Через год, в 1949-м, мы поехали в Москву на пятнадцать дней в творческую командировку. Условия жизни в Москве у нас были лучше, чем в Ленинграде. Однако Москва такого впечатления не произвела. Зато театр нас всех ошеломил. Во МХАТе мы смотрели «Три сестры». Постановка старая, но там играли Клавдия Еланская, Ангелина Степанова и Алла Тарасова. Мы были очарованы, насколько глубоко передаются человеческие чувства, настроения. Даже дух захватывало! Весь спектакль опирался на актеров. Мне казалось, что Степанова, игравшая Ирину, молоденькая девочка. Потом нас водили по театру, и в пошивочной мастерской я увидел Степанову — далеко уже не молодую женщину. (Спустя годы я снимался вместе с ней в фильме «Бегство мистера Мак-Кинли». Это был удивительный человек и прекрасная актриса.) Мы смотрели и другие спектакли, но они мало запомнились. А вот «Три сестры» оставили впечатление на всю жизнь. Вот так надо играть! Есть настроение, ритм, динамика, философия — все, из чего состоит актерский театр.

Интрига

Да, играть надо именно так! И нам казалось, что мы так и играем. В 1948 году, после гастролей в Вильнюсе, Мильтинис был удостоен звания заслуженного артиста Литовской ССР за заслуги в области театрального искусства. Казалось, все хорошо. Мы и не предчувствовали, что над нами нависли грозовые тучи…
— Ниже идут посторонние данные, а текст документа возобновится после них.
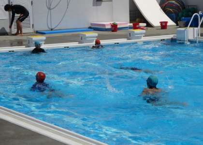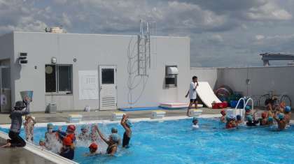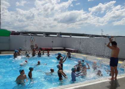 5・6年混合で4チームに分かれて、水泳大会をしました。午後の日差しで屋上プールも暑かったです。
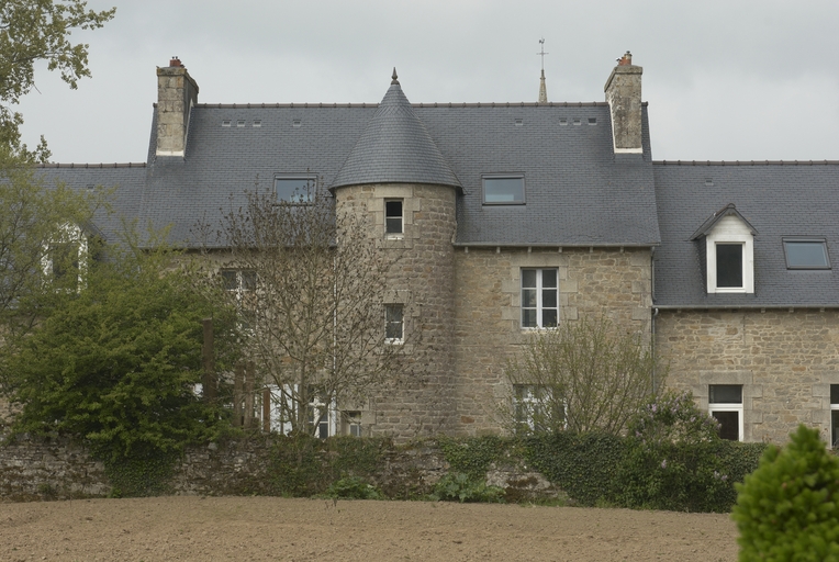 Loguivy-Plougras, route de le Dresnay : ancienne école privée catholique dite école de I'immaculée Conception, vue est, facade postérieure dotée d'une tourelle d'escalierImmatriculation
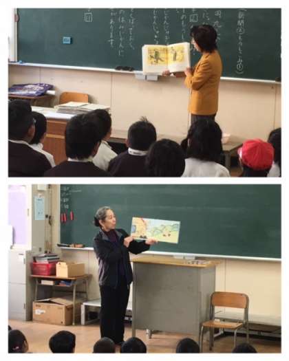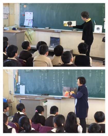 今日は2年生の児童が、図書館ボランティアの方々や教頭先生に絵本読み聞かせをしていただきました。「シチューはさめたけど・・・」「十二支のはじまり」などの絵本を紹介していただきました。絵本の話を聞き、その世界に入り込んでいく子どもたちでした。
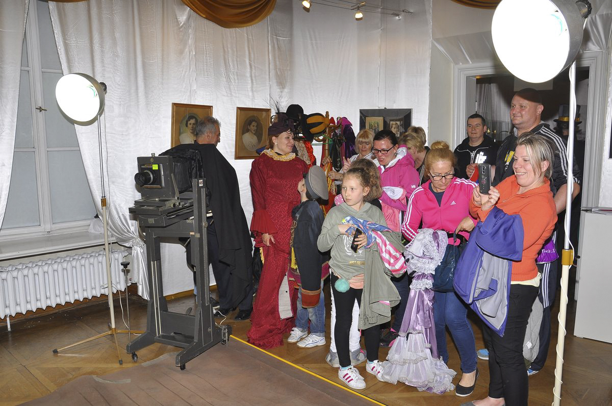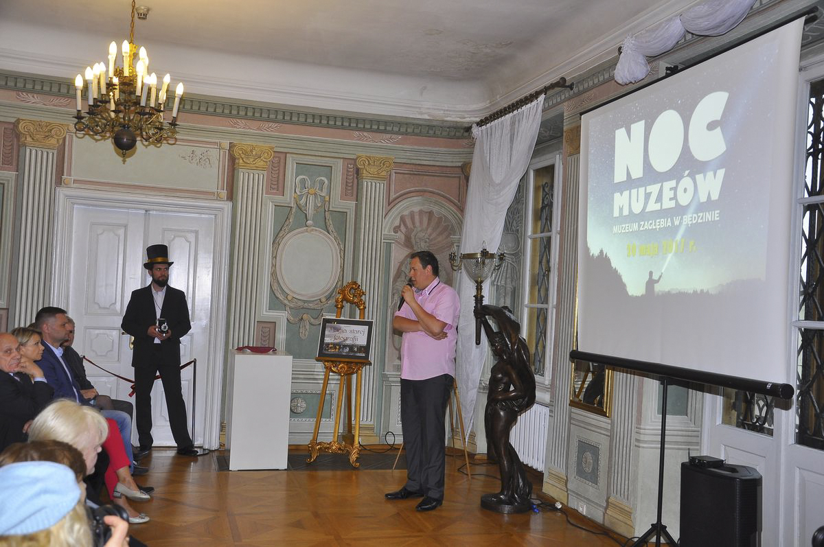 W Pałacu Mieroszewskich w magię starej fotografii wprowadziła prezentacja przygotowana przez kuratora wystawy - Joannę Kobryń przedstawiająca historię fotografii. Po prelekcji symboliczną wstęgę otwierającą Noc Muzeów przeciął Wiceprezydent Będzina Rafał Adamczyk. Uroczyste otwarcie było zarazem wernisażem wystawy "Magia Starej Fotografii", na której zaprezentowano ponad 100 eksponatów, w tym aparaty fotograficzne i sprzęt fotograficzny. Warto wspomnieć, że pomysłodawcą i koordynatorem wystawy był Adam Sygacz. Na odwiedzających pałac czekało epokowe atelier fotograficzne, gdzie każdy mógł przebrać się w historyczne stroje i przenosząc się w czasie zrobić sobie pamiątkowe zdjęcie. Dzieci także mogły poczuć odrobinę magii fotografii na przygotowanych dla nich zajęciach, gdzie przebrane w strój czarodzieja na tle zagłębiowskiej chaty tworzyły swoje własne magiczne kadry. Dodatkową atrakcją fotograficznej Nocy Muzeów były spotkania z zaproszonymi gośćmi - fotografem mody i mistrzami fotoreportażu. Zaledwie 25-letni Bastek Czernek opowiadał o swoich niemałych doświadczeniach w dziedzinie fotografii mody. Maciej Jarzębiński - fotoreporter m.in. Gazety Wyborczej prezentował ciekawe cykle zdjęć i chwile zatrzymane w kadrze. O zdjęciach i ciekawostkach ze swojej pracy opowiadał fotoreporter Bogdan Kułakowski - laureat wyróżnienia w konkursie World Press Photo w 1980 roku. Ostatnim gościem był jeden z najlepszych śląskich fotoreporterów Andrzej Grygiel, który spośród setek tysięcy fotografii prezentował te opisujące zmiany na Śląsku i w Zagłębiu na przestrzeni ostatnich dziesięcioleci.

Репетировали, играли три спектакля в неделю в Паневежисе: по пятницам, субботам и воскресеньям. Много гастролировали. Сегодня мне трудно было бы вспомнить, в каком уголке Литвы мы не бывали — изъездили ее всю вдоль и поперек. А по вторникам, если не были на гастролях, собирались в театре на репетиции. Мильтинис начинал с анализа сыгранных спектаклей: кого-то хвалил, кого-то ругал. По вторникам говорил он один, и это правильно. Мы должны были молчать. Но так бывало и при любой встрече с посторонними людьми, в любой компании. Бывало, если он разойдется, никто не может и слова сказать. Случалось, что только лишь писатель Витаутас Пяткявичюс мог переговорить Мильтиниса. Нам это казалось странным — Пяткявичюс говорит без устали, а Мильтинис молчит! Наши беседы по вторникам часто затягивались на несколько часов. От спектаклей Мильтинис переходил к другим темам, начинал нас воспитывать, указывать, как мы должны себя вести, что мы должны смотреть, с кем встречаться или не встречаться, объяснять, что разрешается актеру, а что воспрещается. Упаси бог пройти по сцене в головном уборе! Нам было ясно: думай что хочешь, а поступать придется так, как требует Мильтинис.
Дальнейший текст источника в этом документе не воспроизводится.